* Supplied records:

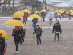 児童が下校の時は止んで欲しいと思います。明日の朝が心配です。路面の凍結等が予想されますので、ご家庭でも安全面での指導お願いいたします。
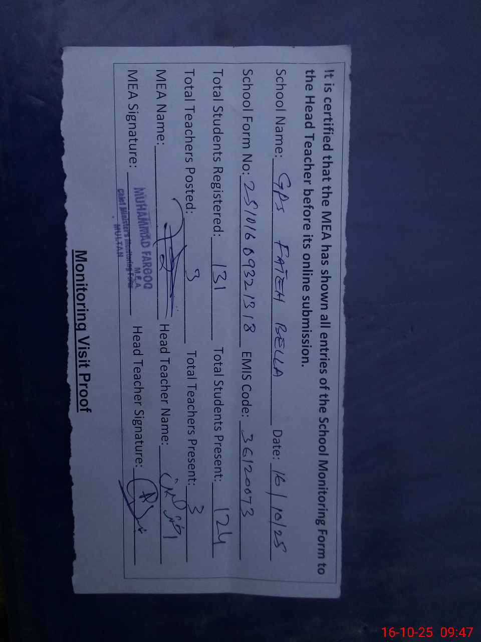 | EMIS Code: 36120073 | Name of School: GPS FATEH BELLA P/O & TEH.SHUJABAD | |||
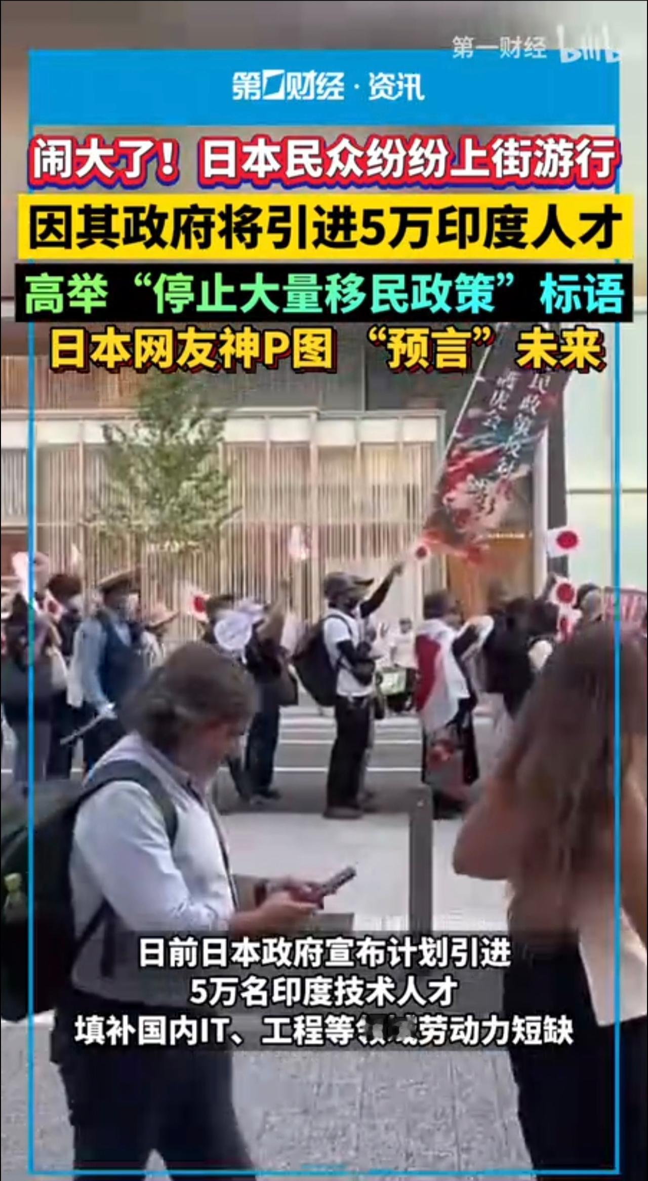 闹大了!日本民众纷纷上街游行!因其政府将引进5万印度人才!日本网友神P图“预言”未来。
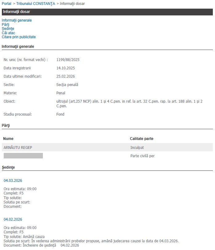 Dosarul 1199/88/2025 a fost trimis spre soluționare de la Tribunalul Tulcea către Curtea de Apel Constanța, instanță care, la data de 14.10.2025 a stabilit ca Tribunalul Constanța să judece cauza.
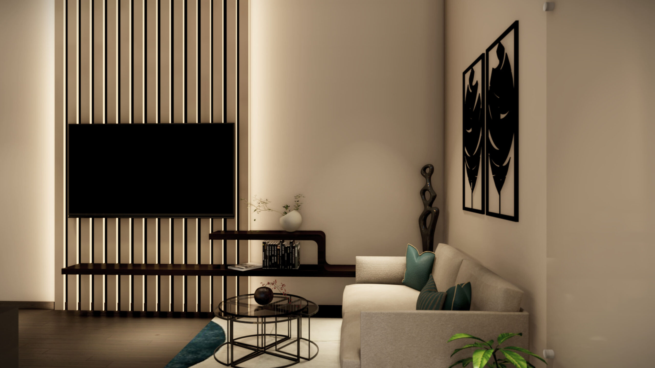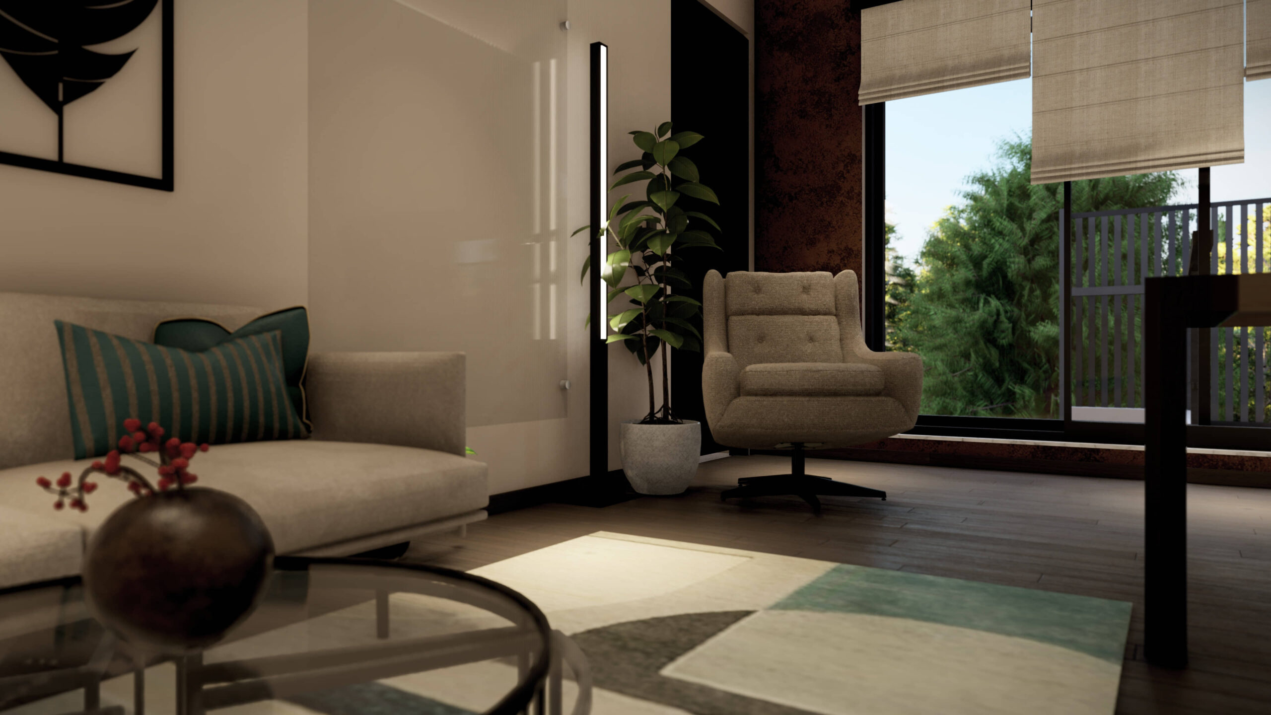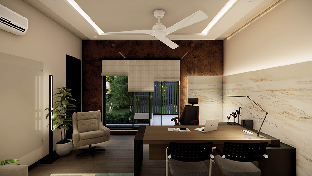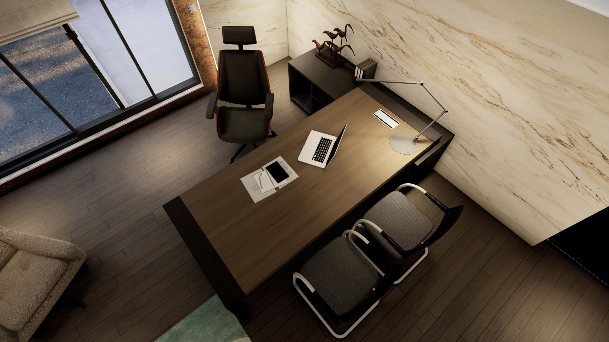 Description:A small private office space that’s designed with warm luxury in mind. The use of warm materials and color palettes, contrasted with neutral whites to create a sense of both openness and coziness.
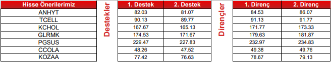 Endeks, dün gerçekleşen işlemlerde 91,25 puan yükselişle 10,828 puan seviyesinden kapanış gerçekleştirdi. Endeksin 11,100 puan direnç seviyesine doğru olası yükselişlerde satış denenebilir. Gün içi ilk direnç noktası 10,980 puan seviyesidir. Sonraki direnç noktası ise 11,100 puan seviyesidir. Gün içi ilk destek noktası 10,740 puan seviyesidir. Sonraki destek noktası 10,620 puan seviyesidir.
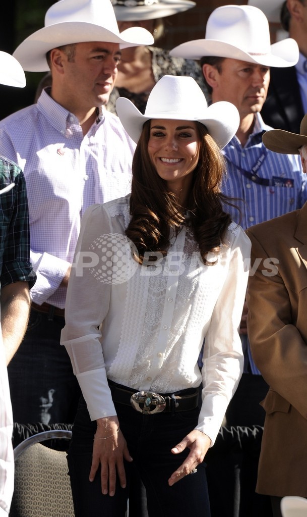 アルバータ(Alberta)で8日に開かれたカウボーイの祭典「カルガリー・スタンピード(Calgary Stampede)」には、真っ白なカウボーイハットをかぶって出席。カルガリー(Calgary)動物園で開かれたレセプションでは「キャサリン・ウォーカー(Catherine Walker)」の真っ赤なコートとドレスを着用し、カナダのシンボルであるメープルリーフをかたどったダイヤモンドのブローチをコーディネートした。
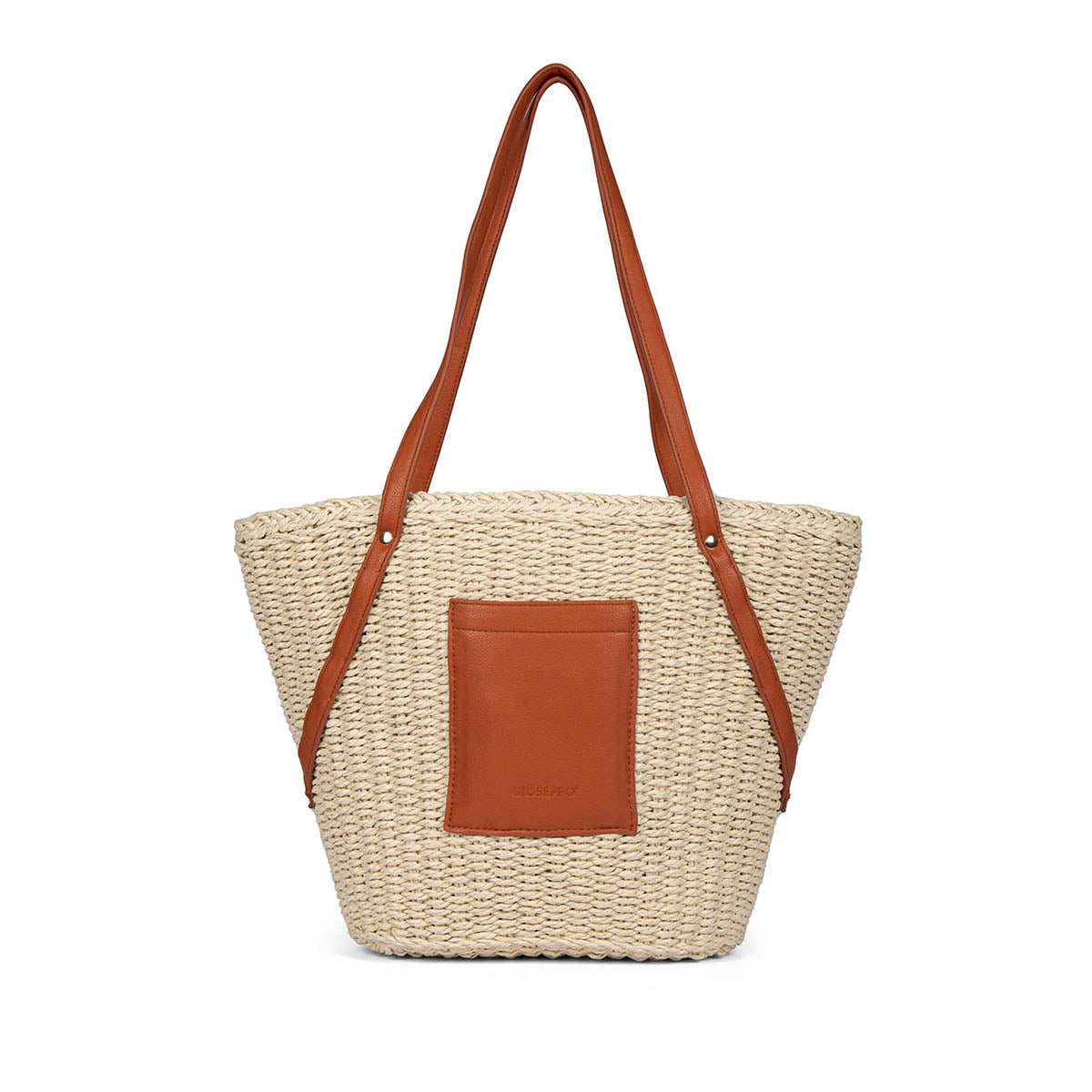 Explore this summer's raffia bags in the new Gioseppo Accessories SS23 Collection now. Natural raffia straw bag with tan handles and a front pocket. Magnetic button fastening. Zipped inner pocket. Detachable zipped rectangular coin purse. Made of plant material with fabric lining.

* What the exercise asks:
Reproduce all of the records above exactly, but exclude the pictures.

* Result of this task:
 児童が下校の時は止んで欲しいと思います。明日の朝が心配です。路面の凍結等が予想されますので、ご家庭でも安全面での指導お願いいたします。
 | EMIS Code: 36120073 | Name of School: GPS FATEH BELLA P/O & TEH.SHUJABAD | |||
 闹大了!日本民众纷纷上街游行!因其政府将引进5万印度人才!日本网友神P图“预言”未来。
 Dosarul 1199/88/2025 a fost trimis spre soluționare de la Tribunalul Tulcea către Curtea de Apel Constanța, instanță care, la data de 14.10.2025 a stabilit ca Tribunalul Constanța să judece cauza.
 Description:A small private office space that’s designed with warm luxury in mind. The use of warm materials and color palettes, contrasted with neutral whites to create a sense of both openness and coziness.
 Endeks, dün gerçekleşen işlemlerde 91,25 puan yükselişle 10,828 puan seviyesinden kapanış gerçekleştirdi. Endeksin 11,100 puan direnç seviyesine doğru olası yükselişlerde satış denenebilir. Gün içi ilk direnç noktası 10,980 puan seviyesidir. Sonraki direnç noktası ise 11,100 puan seviyesidir. Gün içi ilk destek noktası 10,740 puan seviyesidir. Sonraki destek noktası 10,620 puan seviyesidir.
 アルバータ(Alberta)で8日に開かれたカウボーイの祭典「カルガリー・スタンピード(Calgary Stampede)」には、真っ白なカウボーイハットをかぶって出席。カルガリー(Calgary)動物園で開かれたレセプションでは「キャサリン・ウォーカー(Catherine Walker)」の真っ赤なコートとドレスを着用し、カナダのシンボルであるメープルリーフをかたどったダイヤモンドのブローチをコーディネートした。
 Explore this summer's raffia bags in the new Gioseppo Accessories SS23 Collection now. Natural raffia straw bag with tan handles and a front pocket. Magnetic button fastening. Zipped inner pocket. Detachable zipped rectangular coin purse. Made of plant material with fabric lining.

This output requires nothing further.